Former Autoweb.com founder Frank Zamani is launching an enterprise-level solution. But what does that mean, and how can he succeed?
(www.internetnews.com Via Thomson Dialog NewsEdge)
According to Mark Hilderbrand, general partner of venture capital firm Onset Ventures, on-demand service providers have to stand on their heads in order to penetrate the enterprise market.
"The offering will have to do something that is new and novel, not just enhance something that the customer already has" through an on-premise solution, he told internetnews.com .
Caspio, based in Sunnyvale, Calif., has been offering a Web-based application called Caspio Bridge to small and medium-sized enterprises since 2001. The solution lets non-technical users create form-driven database Web applications.
Founder and CEO Frank Zamani would not disclose the number of customers he has, but told internetnews.com that more than 40,000 applications have been built using Caspio Bridge.
Today, it is launching Caspio Bridge Corporate, an enterprise-level version that provides a guaranteed service level agreement, full-time live telephone and e-mail support, and unlimited users with no per-seat fees.
"We've developed it to meet the needs of enterprises' mission critical needs," said Zamani.
The product's main selling point is its ease of use, and to that extent, it might just meet the criteria suggested by Hilderbrand.
"Caspio Bridge was designed to be easy to use for the non-developer crowd," said Zamani.
Executives can create a form for customer orders or self-service forms on a company Web site by using a browser-based interface available on Caspio's Web site. They never have to download an executable program.
They can determine database fields and the layout of their form with a simple drag-and-drop without doing any coding themselves.
"We were using Ajax before it even had a name," noted Zamani.
Caspio Bridge creates code behind the scenes. Once users are satisfied with the design of their new application, they can preview it and then capture the code that the application has written for them.
They click on a "deploy" icon, copy the Caspio Bridge code, and paste it into the source code of a page on their own Web sites.
Caspio also stores the data captured by the forms.
"It's so easy," said Peter Kastner, vice president of enterprise integration research, "that it's two steps simpler than even Microsoft Access."
Caspio offers a range of pricing and service levels. The $20-per-month version allows users to create one or two applications, with e-mail based service and limited archiving of data and applications.
The $40 version allows up to five applications, phone and live chat support, and extended archiving.

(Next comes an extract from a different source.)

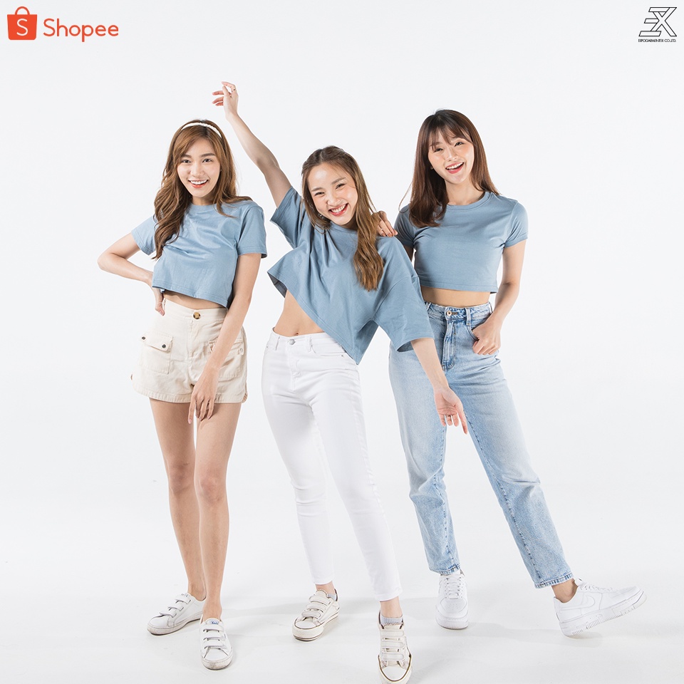 Expogarment เสื ้อครอป เอิร์ธโทน เอวลอย CROP แขนสั้น คอกลม ผ้าคอตตอน (ขาว เบจ ดำ น้ำตาล เขียว ฟ้าเทา)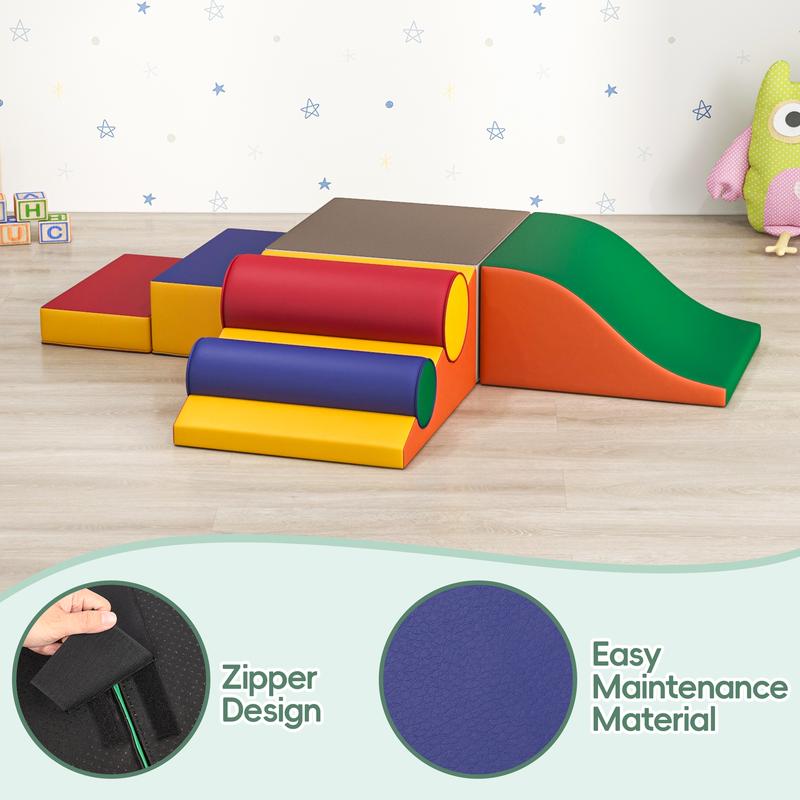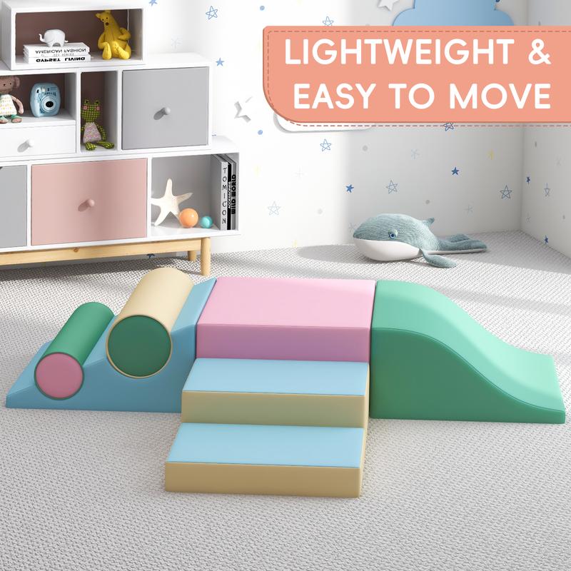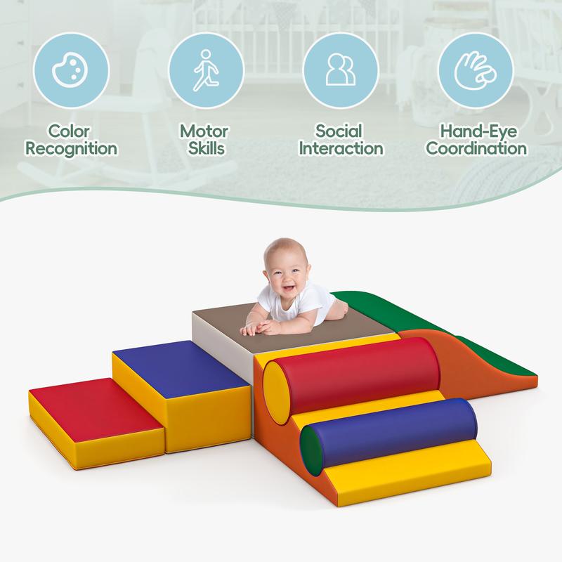 The set includes a slippery slope, square block, two ladder rectangles, two cylinders, and an obstacle bottom bracket, all designed to promote climbing, sliding, and imaginative play. It’s a great way for toddlers to enhance their physical coordination and motor skills.

Caspio Bridge Corporate is priced at an entirely different level.
Pricing starts at $500 per month, and offers an unlimited number of concurrent users, the creation of between 20 and 25 applications, and much more extensive archiving.
But Kastner told internetnews.com that Caspio will most likely find enterprise customers among department-level executives who can't get their projects prioritized, or whose needs are too specific to be deployable across an entire organization.
"They'll get power users who feel they can't go to the IT department," he said. "They say, 'I'll put it on my credit card and be done with it.'"
Zamani also founded pioneering e-commerce site Autoweb.com, which Kastner says gives him a lot of credibility.
But to succeed at the enterprise level, he will have to get himself noticed in an increasingly crowded marketplace.
"The challenge he has is getting his product enough visibility, so he can take a simple product and turn it into a mass-market phenomenon," said Kastner.